If the election were held today, Winfrey would lead Trump 40 percent to 38 percent, within the poll’s plus or minus 2-percentage point margin of error.

“If you were watching cable news the Monday after the Golden Globes, you would have thought the numbers would say 99 percent of Americans want her to run,” said Robert Thompson, director of the Bleier Center for Television & Popular Culture at Syracuse University, in a Tuesday interview. “Certainly polls have their limitations, but these numbers don’t quite indicate that degree of enthusiasm.”

Interestingly, the early numbers suggest Oprah wouldn’t be a slam-dunk to win the Democratic nomination after all, depending upon who her top rival is.

In head-to-head primary matchups with a handful of possible Democratic 2020 contenders, Winfrey performed best against New York Sen. Kirsten Gillibrand among Democrats, leading her 44 percent to 23 percent. She also leads Massachusetts Sen. Elizabeth Warren 39 percent to 35 percent. The poll found Vermont Sen. Bernie Sanders (I) would beat Winfrey, 46 percent to 37 percent. But former Vice President Joe Biden would beat Winfrey by a larger margin, 54 percent to 31 percent, among Democrats.

This kind of a wild disconnect between the media’s perspective and that of the larger public doesn’t happen in a vacuum.

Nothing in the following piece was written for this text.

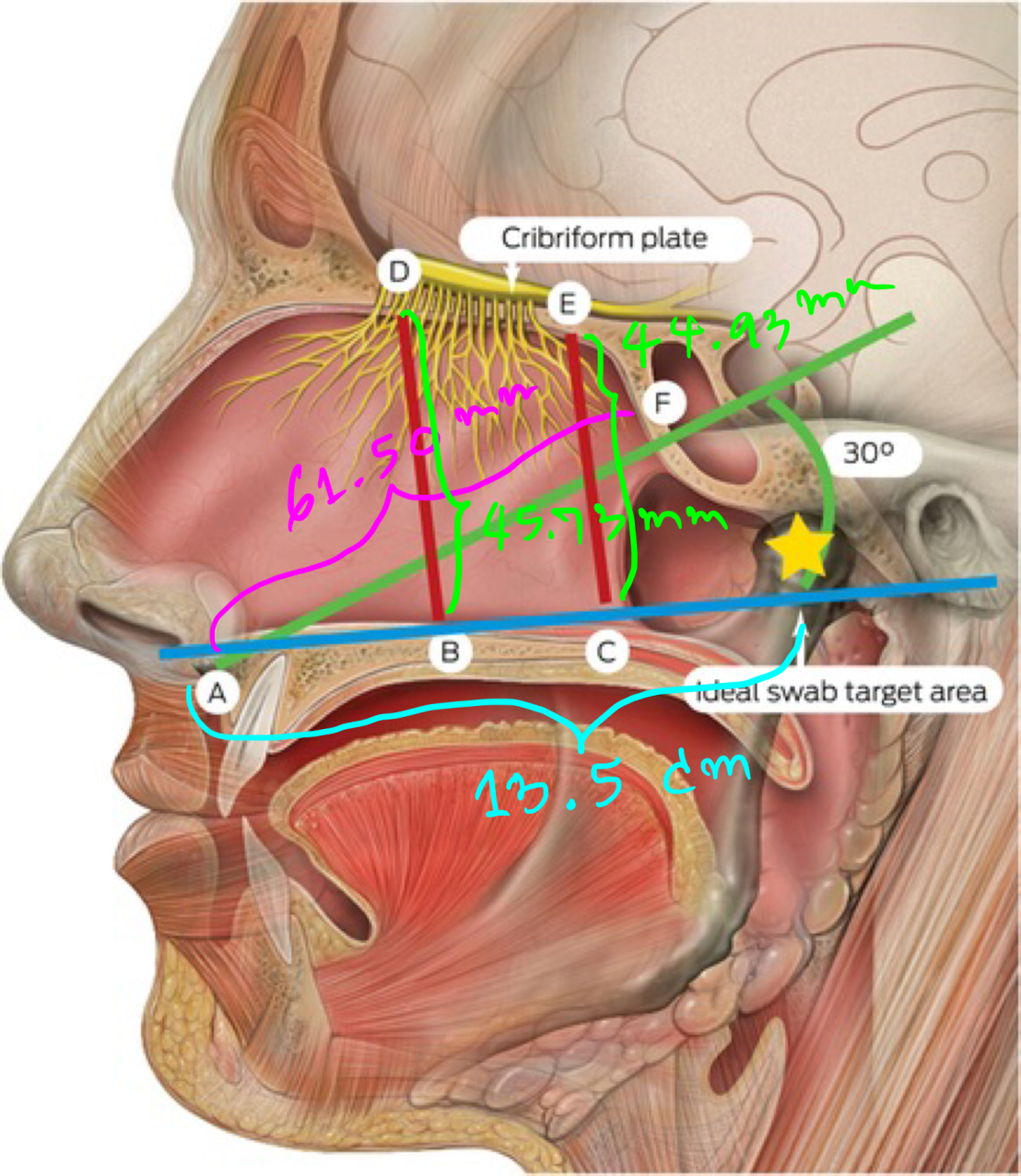 จุด F คือ Sphenoid ostium opening เป็นจุดเริ่มต้นของ Danger zone ที่จะเข้า Skull base ด้วยระยะ 13.5 cm ที่ปลาย swab เข้าถึง

The irony is that the numbers on Oprah enthusiasm reverse the traditional narrative about a shallow, vacuous, celebrity-obsessed general public and a serious, deep-thinking, policy and detail-focused news media. What if it’s the other way around? What if the public wants a more serious discussion about government policies and their tangible consequences, and less fluffy discussion and debate about charismatic familiar faces?

When David Broder wrote with sadness about the death of columnist Robert Novak, he wrote that Novak and his colleagues of past eras had been brought to Washington by “by editors who had a passionate commitment to covering Congress and politics as if the decisions being debated really mattered.” He contended that good political journalism meant “’getting down in the weeds,’ really understanding the personal dynamics of a Ways and Means subcommittee or the ambitions of the lieutenant governor of Texas.”

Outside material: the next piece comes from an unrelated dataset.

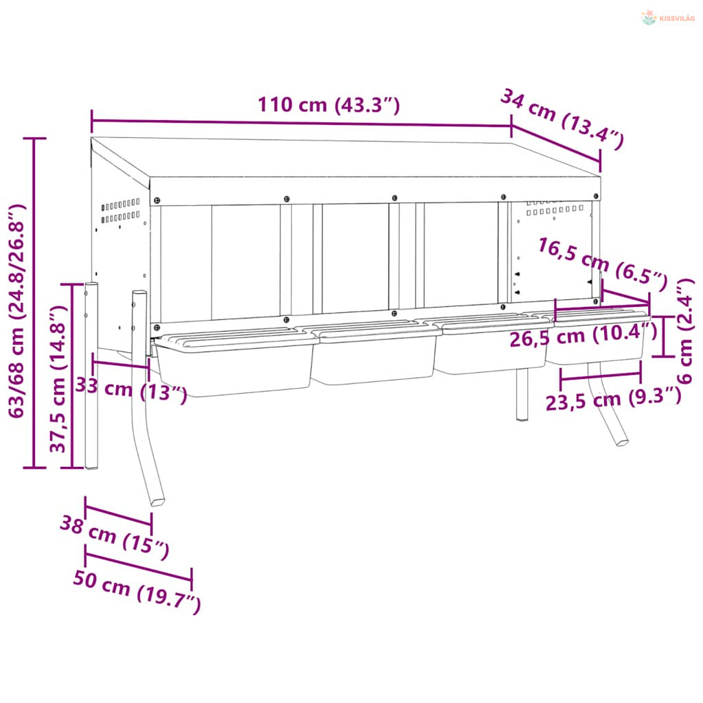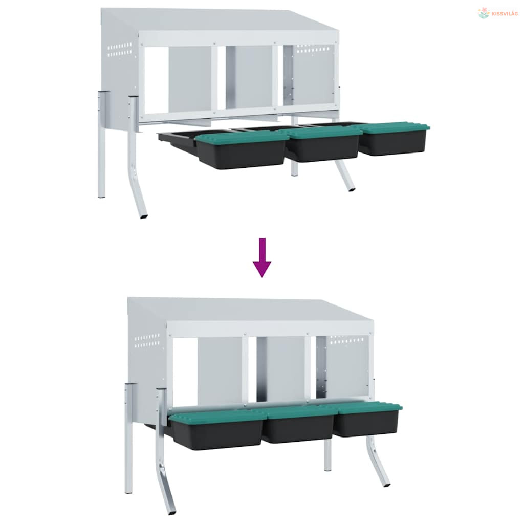 4 rekeszes horganyzott acél csirkefészkelőláda lábakkal

I have this nagging feeling that a decent percentage of today’s political journalists don’t want to actually write about politics, and that they really want to write the kind of glossy celebrity profiles that we’re used to seeing in places like Vanity Fair, GQ, Vogue, and maybe even People or Us Weekly. I noticed last year that a glossy profile of Kirsten Gillibrand in Vogue couldn’t bring itself to really look at the senator’s record and left readers with at least three glaringly false impressions – that Gillibrand is an economic centrist, an iconoclast, and a campaigning powerhouse with cross-party appeal.

Look, you read this newsletter, so you know I enjoy writing about Star Wars and Twin Peaks and the Jets and lots of “fun stuff” in life. Not everything written about politics has to be as detail-heavy as Congressional Quarterly or Governing magazine. But the disconnect on Oprah suggests that a chunk of the American people are not automatically enraptured by every famous celebrity who flirts with a political campaign… unlike, say, bored political reporters who want to write about someone glamorous and exciting.